One thing to keep in mind is that during any type of transfer of power to bypass, the UPS must be on internal static bypass mode. The static bypass ensures that there is no phase shift and the power is aligned. If the power isn’t aligned and there is a phase shift from input of the UPS to the output equipment, damage and potential physical harm could occur.
Some External Maintenance Bypasses’ come with a green light that indicates it is safe to go into bypass. Others may come with a button that needs to be pushed before rotating the bypass knob. This button (if properly installed) will automatically put your UPS system into a static bypass so you can’t make a mistake!
Still, some External Maintenance Bypass systems don’t have any safeguards and rely on the individual’s knowledge to understand what they are doing.
For our purposes I will show you the three breaker system and explain the function and procedure to safely bypass (for your system we recommend that you refer to the manufacturer’s instructions). Click on the graphic to enlarge it.
The three breaker External Maintenance Bypass system has an input breaker (N/C)(Switch 1), an output breaker (N/C)(Switch 3), and a breaker (N/O)(Switch 2), all of which tie the input to the output- bypassing the UPS.
The switching sequence is the most important requirement to ensure that you avoid dropping the load. Additionally, if you don’t have the UPS system on internal bypass, a phase shift (produced by the double conversion of the power internally in the UPS) won’t align with the output power, resulting in a mismatched parallel power.
For this system to work correctly, you must have the UPS system internally bypassed (static bypass). Once you know that the UPS system has been placed on a static bypass, it is safe to begin the switching procedure.
Switch 2, which is normally open, should be switched to the normally closed (N/C) position. At this time, you have all three switches in the N/C position. This means you are (parallel) feeding power through the UPS (static switch) and the bypass switch to your load.

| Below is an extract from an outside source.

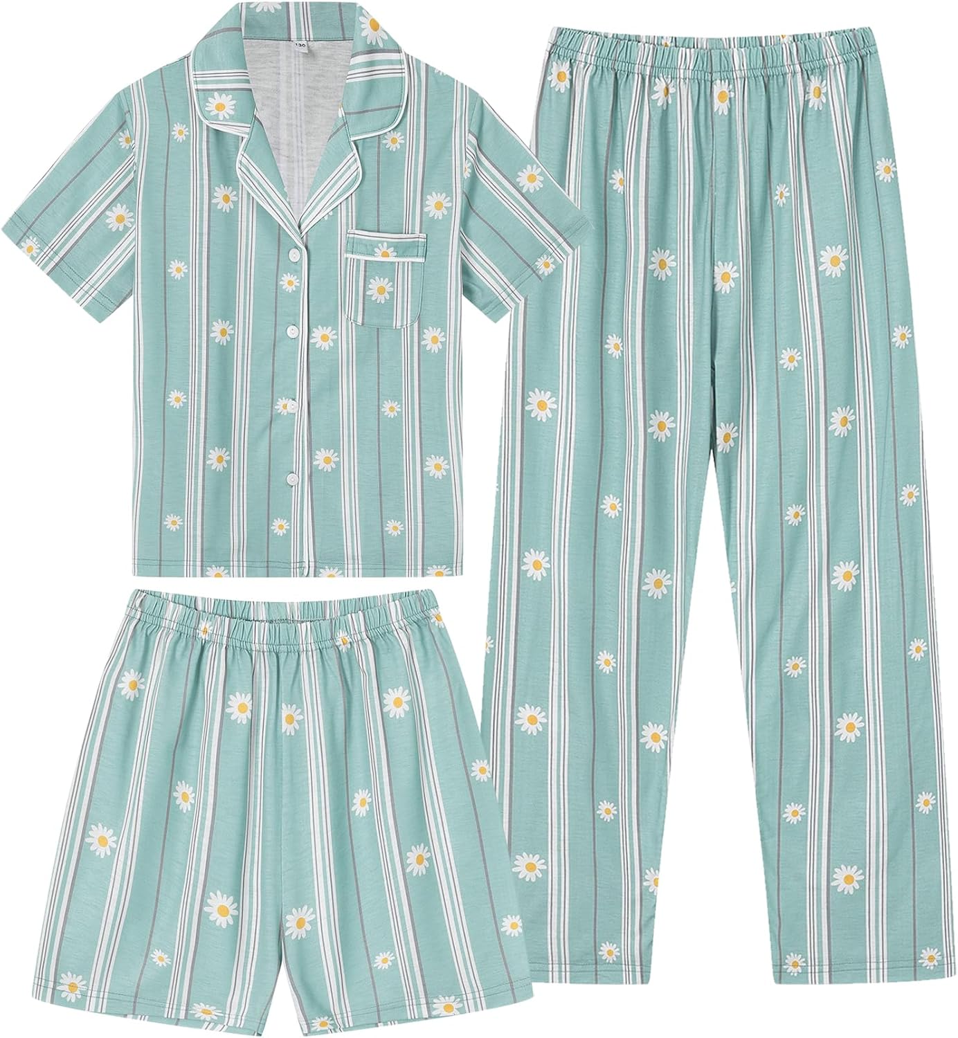 SWOMOG Kids Pajamas Sets 3PCS Short Sleeve Long Pants with Shorts Girls Boys Button Down PJS Cute Loungewear for 4T-15Years,
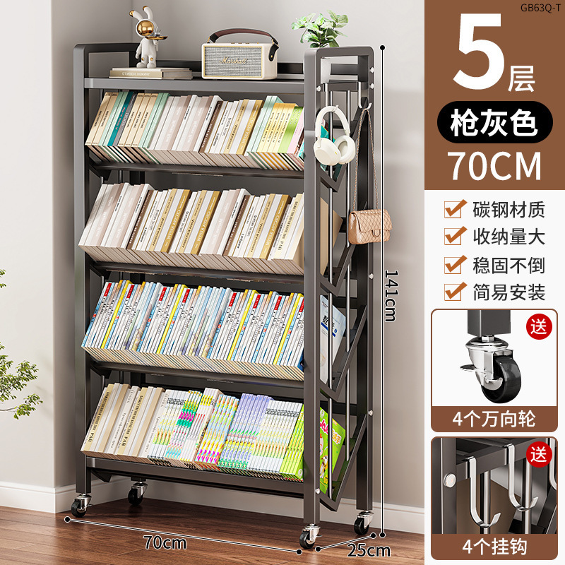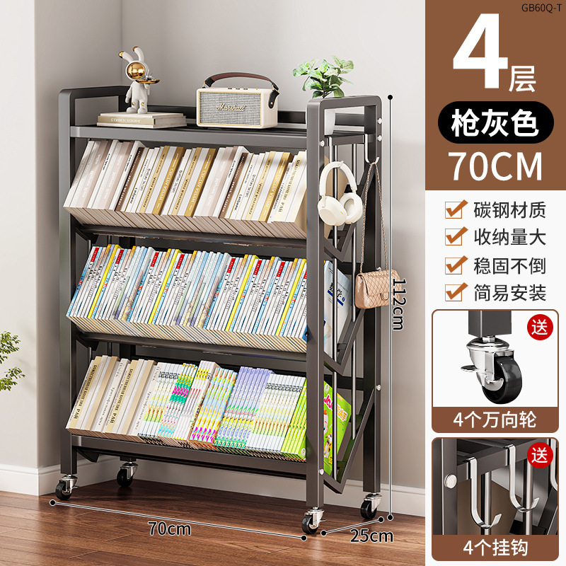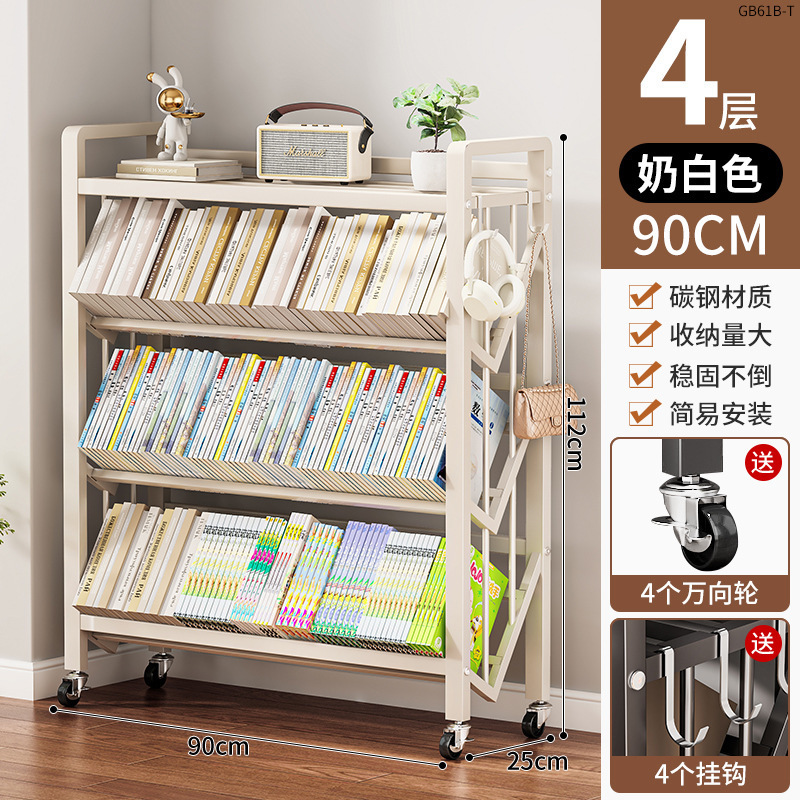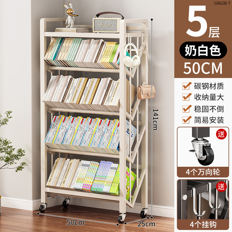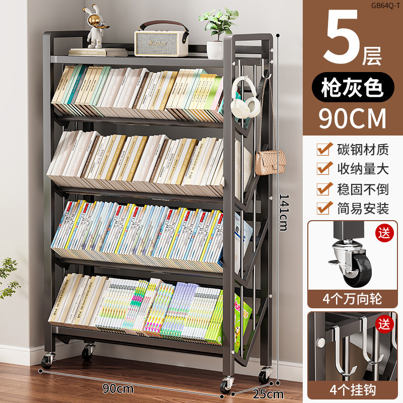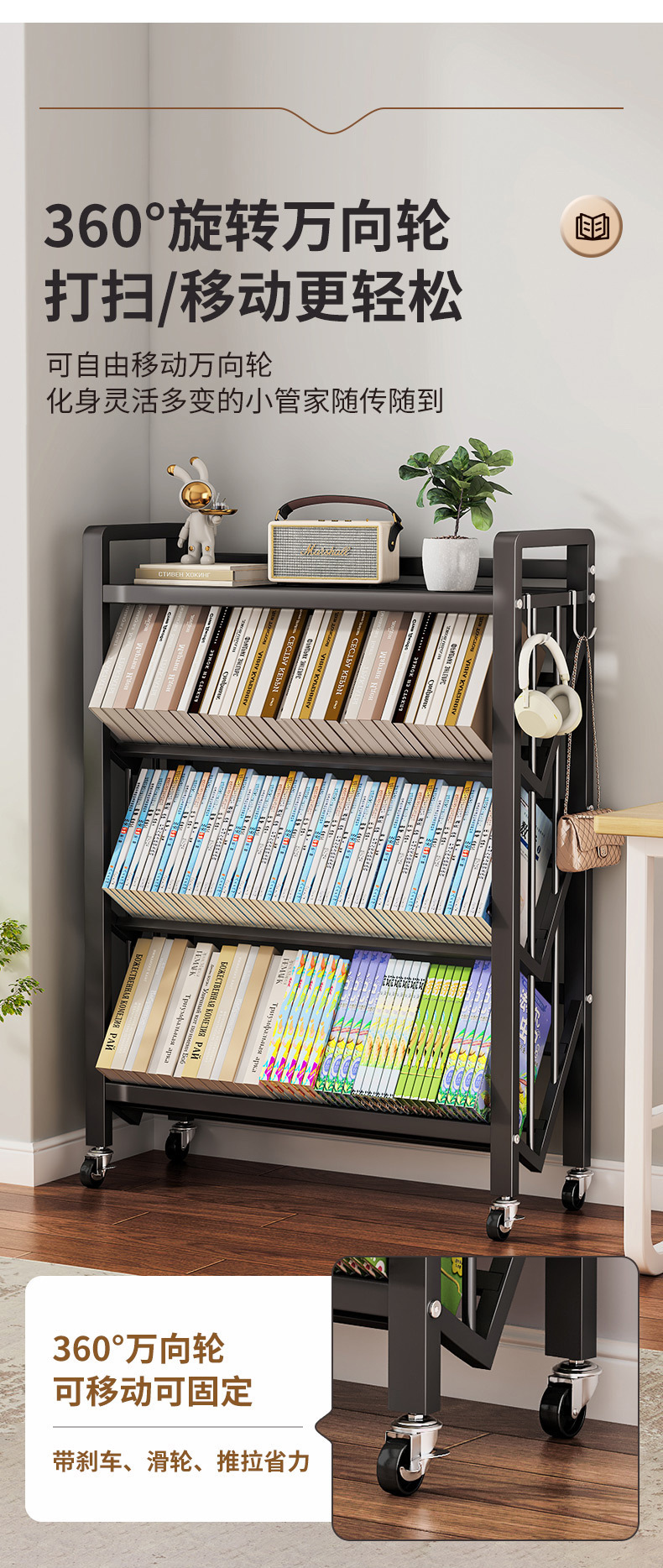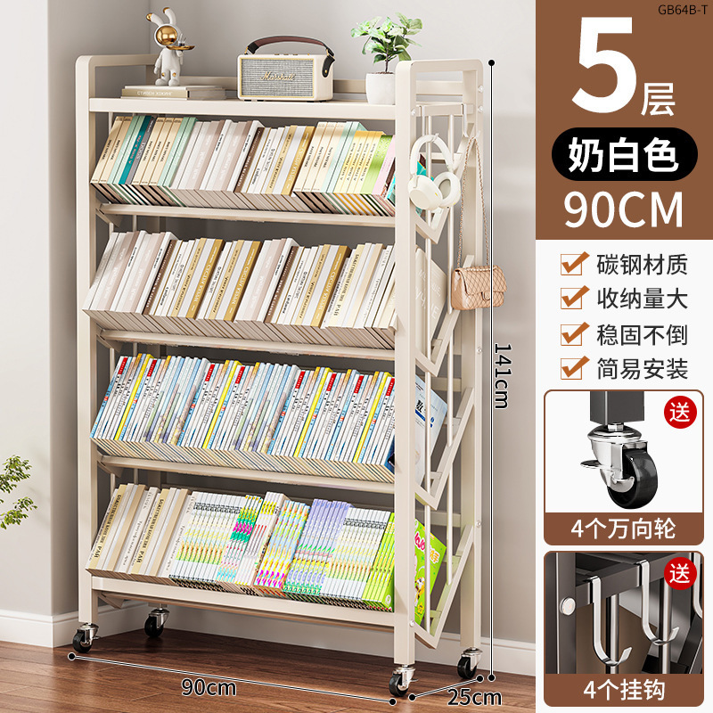 범용 바퀴가 달린 철제 책장, 벽에 붙은 바닥에서 천장까지의 선반, 간단한 이동식 어린이 도서 다층 수납 선반

The next step is to change switch 3 to N/O and then switch 1 to N/O. At this point, power is completely bypassing the UPS system through switch 2 and delivering power to your load. When you want to take the system out of external maintenance bypass, simply reverse the procedure.
External Maintenance Bypass Saves You Money
The cost of a power outage can be prohibitive. The 2013 Study on Data Center Outages by Ponemon Institute estimated the cost of an outage at $7,900/minute.
If the UPS system fails and the Internal Maintenance Bypass fails, manually bypassing the UPS allows the loads to be supported from the source (either the utility or generator).
The cost of the External Maintenance Bypass is directly proportional to the system size. It is typically about 10% of the overall UPS project.
An External Maintenance Bypass system is critical for keeping your load online in the face of a catastrophe or need to service your UPS system. Equip your facility with the right EMB and know the correct operating procedures to ensure your critical equipment remains online.